Christopher was born at Widford on 24th March 1888, the son of the grocer Edwin George Whipps (born c1846 in South Weald) and Clara Annie Whipps (nee Wenden who was born in Springfield in 1860). He was baptised at Widford on 27th May 1888. At the time his father was a farmer ‘late of Springfield’.

His parents had married at St. Mary’s Church in Islington, Middlesex on 1st September 1885. At the time Christopher’s father was aged 38 and employed as a grocer. His bride was a dozen years his junior. Both lived at Hatfield in Essex.

Their first child had been Clara Annie Whipps born at Hatfield Peverel in 1886 (died in 1959). Christopher was followed by a sister Emily Florence Whipps who was born in Springfield on 18th October 1889, baptised at Holy Trinity Church in Springfield on 3rd August 1890 and died in 1958.

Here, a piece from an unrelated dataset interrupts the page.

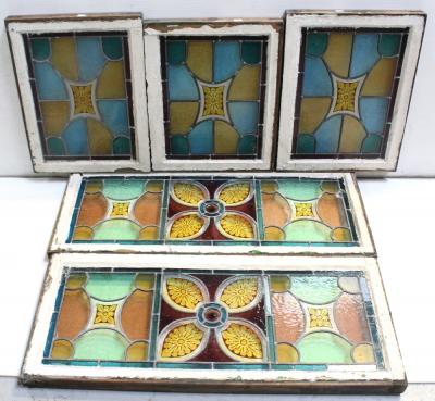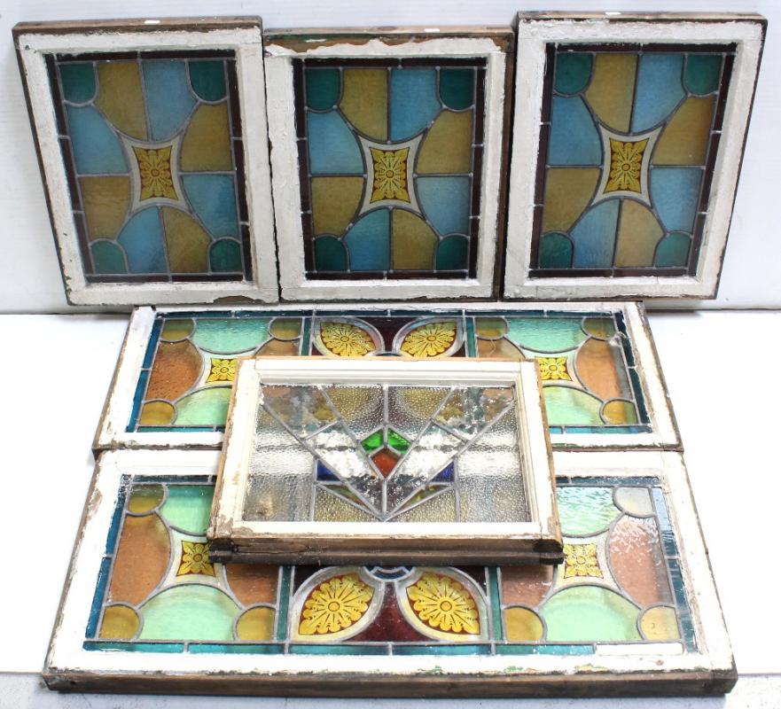Lot 182 of 725: A group of vintage stained glass windows to include two large rectangular matching panels, approx height 100cm, three smaller matching panels and a 1930s Art Deco stained glass window (6).

The 1891 census found the family of five at The Star public house in Baddow Road, Great Baddow. Christopher’s 45 year-old, South Weald-born father was the publican. Edwin’s sister, Mary J. Whipps (aged 34), assisted.

Christopher gained another sister, Katherine Martha (Kate) Whipps, born on 25th July 1892, though the following year Christopher’s mother died aged 33 from consumption. Kate died in 1973.

By the time of the 1901 census the family had moved to 9 Phillip’s Cottages, off Church Lane in Springfield. Christopher was described as a 12 year-old house boy. His widowed father worked as a grocer’s assistant. Within five years he had died, aged 60, at Phillips’ Cottages in Springfield.

By 1908 Christopher was living in Arbour Lane, Springfield and was recorded by the census of 1911 at 31 Arbour Lane (today’s number 62), with his sisters Emily and Katherine. Christopher was a boot repairer; Emily was an assistant tobacconist.

On 12th February 1916 Christopher attested to join the army at Warley for the duration of the war. At the time he was 27 years and six months old, employed as a bootmaker, and living in Shenfield.  He was five feet six and a half inches tall, had a 34 inch chest and his next of kin was his sister Katherine of the same addresses. He was a member of the Church of England.